Mask wearing will be mandatory, but educators have no recourse beyond moral persuasion to enforce this requirement. MCPS says mask-wearing is a “wellness” issue and that teachers should stress to students that wearing a mask keeps everyone safer. If a child cannot be persuaded, MCPS suggests the teacher ask the school nurse or counselor for help, if one is available. MCPS has made clear this is not a “discipline” issue and that teachers should not send students to building administrators.

Students will eat lunch in their classrooms–unmasked. It is unclear who will monitor students during lunch, and teachers/students will be responsible for “sanitizing” the space after eating.

For social distancing, MCPS is requiring six feet between student desks in classrooms. MCPS has posted videos showing adults pretending to be students sitting in classrooms and lining up when they arrive at school, but MCEA representatives who have visited elementary schools to look at classroom set ups have yet to find one large enough to safely accommodate students, even if class sizes are halved, as MCPS proposes. Limited bus seating means schools will have to stagger arrival and departure times, further complicating social distancing. It is unclear how schools will safely conduct mandatory drills, including fire drills and those required for active shooter threats and inclement weather.

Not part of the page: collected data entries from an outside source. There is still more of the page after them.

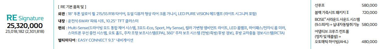 TEc 260 가격표를 찬찬히 살펴봐도 이런 점은 크게 다르지 않습니다. 기본형이 LE로 시작하여 RE, RE Signature까지 세 가지 등급으로 나뉘어지는데, 후방카메라가 필요하면 LE등급에도 여전히 옵션으로도 존재하지 않기 때문에 2,293만원짜리 RE 등급을 선택해야하고, 유일한 오디오 옵션인 Bose 오디오를 넣으려면 최고 등급인 RE Signature를 선택해야만 선택할 수 있는 기회가 주어집니다.
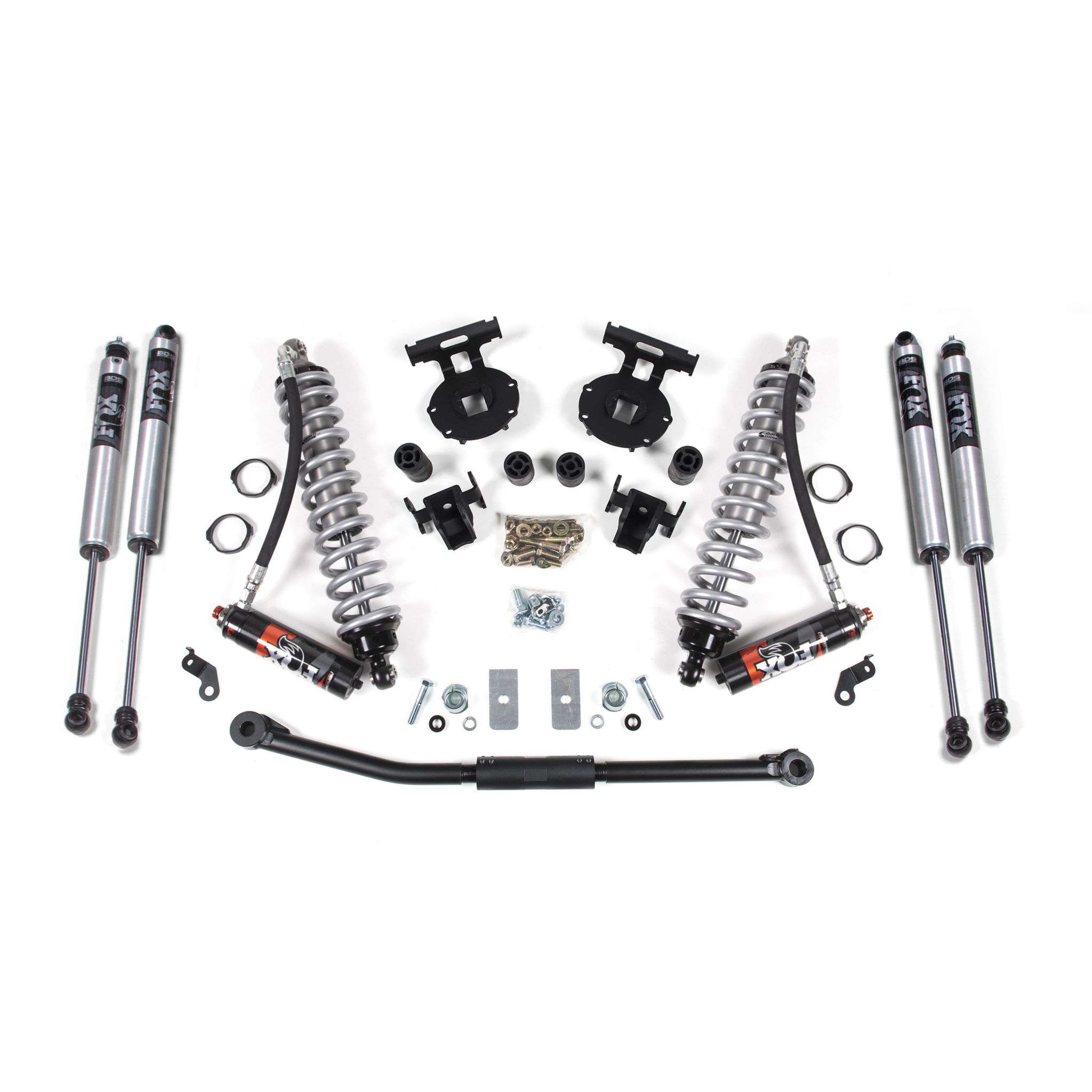 <p>Up front the lift kit includes diesel-specific FOX 2.5 coilover shocks, high strength 1-3/8 inch solid steel track bar for steering correction, brake line brackets and precision tuned nitrogen charged shocks.</p>
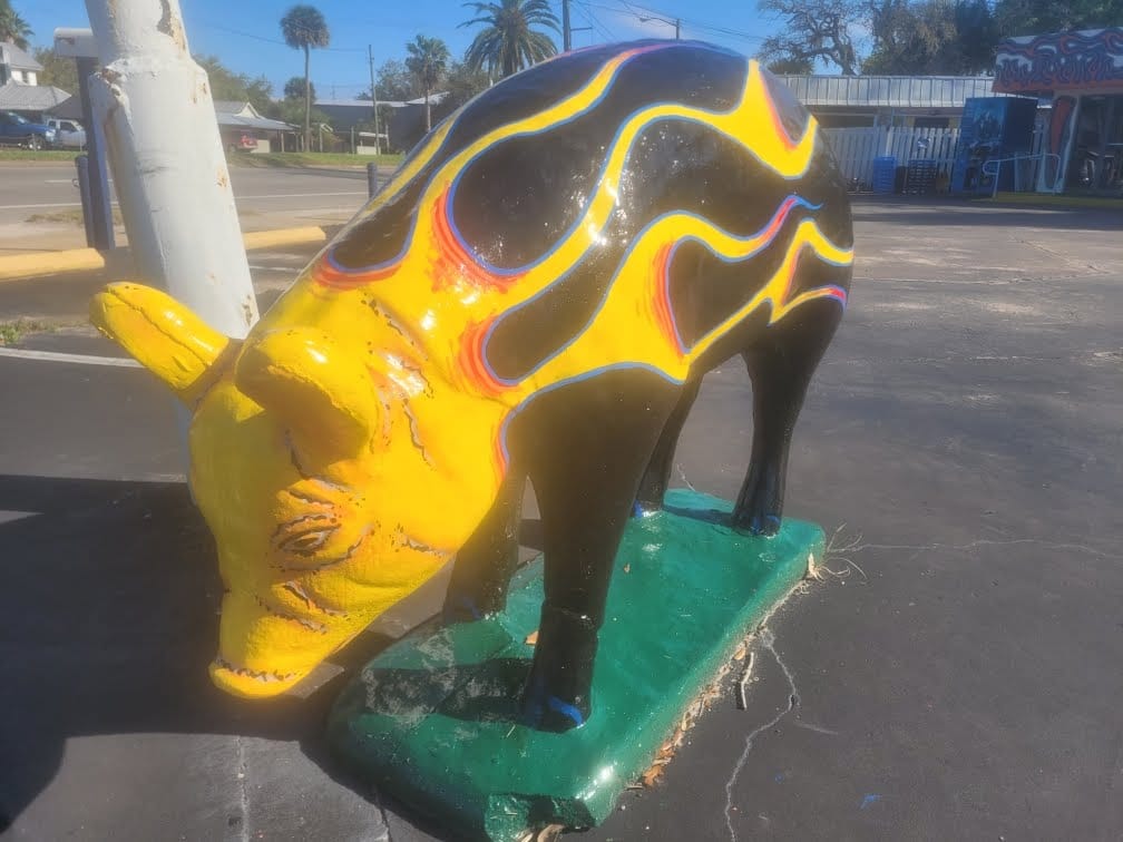 A pig-themed promotion is planned, featuring a “name the pig” contest tied to a custom-painted pig statue, with the winner receiving a free platter.
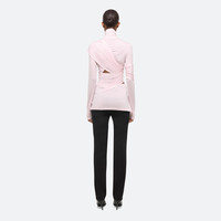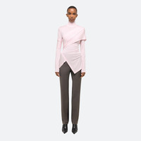 Long-sleeved turtleneck in lyocell jersey. Features a layered design with draped panels that wrap around the body, creating a sense of movement and allowing for flashes of exposed skin. Fits true to size. Model is 5’10” and wears size S DETAILS - Turtleneck - Long-sleeved - Draped cut-out detail at back - Asymmetric hem - Ruched armband detail on sleeve - Partially lined by wrap detail - O07HW501 MATERIALS & CARE - Composition: 94% Lyocell, 6% Elastane - Machine wash cold with like colors. Do not bleach. Do not tumble dry. Lay flat to dry.cool iron i f needed. Do not dry clean. - Finished Garment Manufacturing Country/Region: China - Fabric Production Country/Region: Portugal - Weaving Country/Region: (of fabric) Portugal - Dyeing Country/Region: (of fabric) Portugal - Finishing Country/Region: (of fabric) Portugal
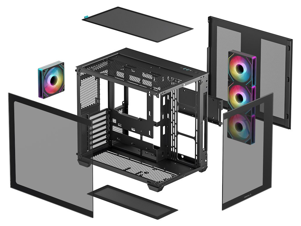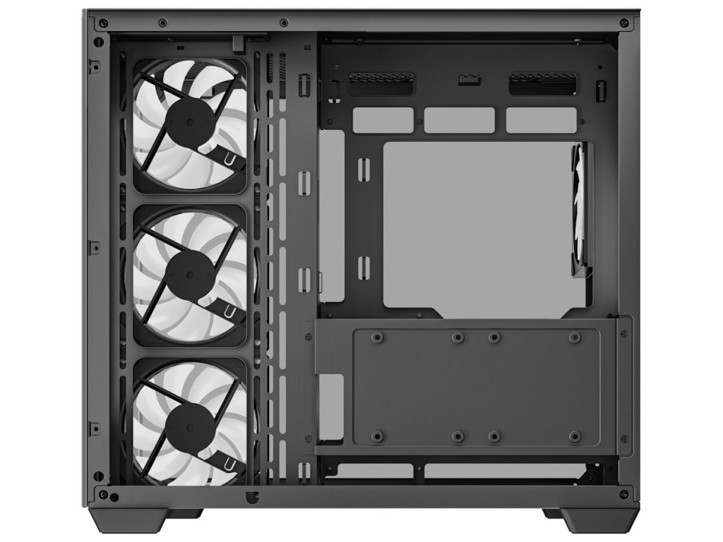 Zdroj napájení nebo disky mají samostatné vzduchové kanály, díky čemuž je zajištěn stabilní provoz i při vysoké zátěži. Pro připojení základní desky zase slouží zadní konektor, čímž je vnitřní uspořádání přehledné a perfektně organizované. Součástí PC skříně DEEPCOOL CG530 4F je čtveřice předinstalovaných ventilátorů s ARGB podsvícením, které dodají celé sestavě dokonalé chlazení i stylový gamingový vzhled. Na horním panelu najdete porty pro připojení periferních zařízení. Samozřejmostí je také přítomnost prachových filtrů pro efektivní ochranu součástek před prachem.
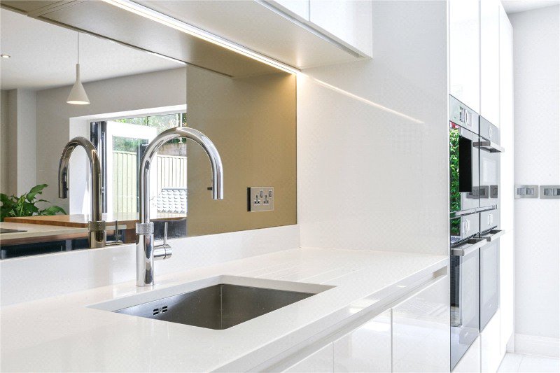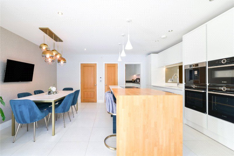The ground floor has a welcoming entrance hall, which leads through to the fabulous open plan kitchen/dining room with bi-fold doors opening into the garden. This space is essentially the hub of the house, and is great for a busy family lifestyle. The beautiful worktops, modern contemporary gloss finished units, and high spec integrated appliances will be attractive to anyone who spends a lot of time in the kitchen. There is an adjacent utility room, a downstairs cloakroom, and a study which is currently used as a home office.

Enhanced cleaning and frequent hand washing also fall far short. Contrary to what MCPS has told the public, free-standing, hands-free sanitizer stations will not be available at school entrances because of their difficulty to obtain. Because no additional funds have been designated to beef up custodial staffing, teachers and students will be primarily responsible for wiping down surfaces between classes. This assumes adequate cleaning supplies will be available. Building services staff will clean “high contacts” areas, but given limited time, it is likely places like bathrooms will be cleaned just twice a day. A weekly “deep clean” on Wednesday does little to protect students and staff throughout the school day on Monday and Tuesday, or Thursday and Friday.

A plan replete with shortcomings cannot ensure the health and safety of students or staff. If MCPS leaders persist with this terribly flawed reopening, they will do so, leaving educators with an untenable choice: our jobs or our health and the health of the people we love.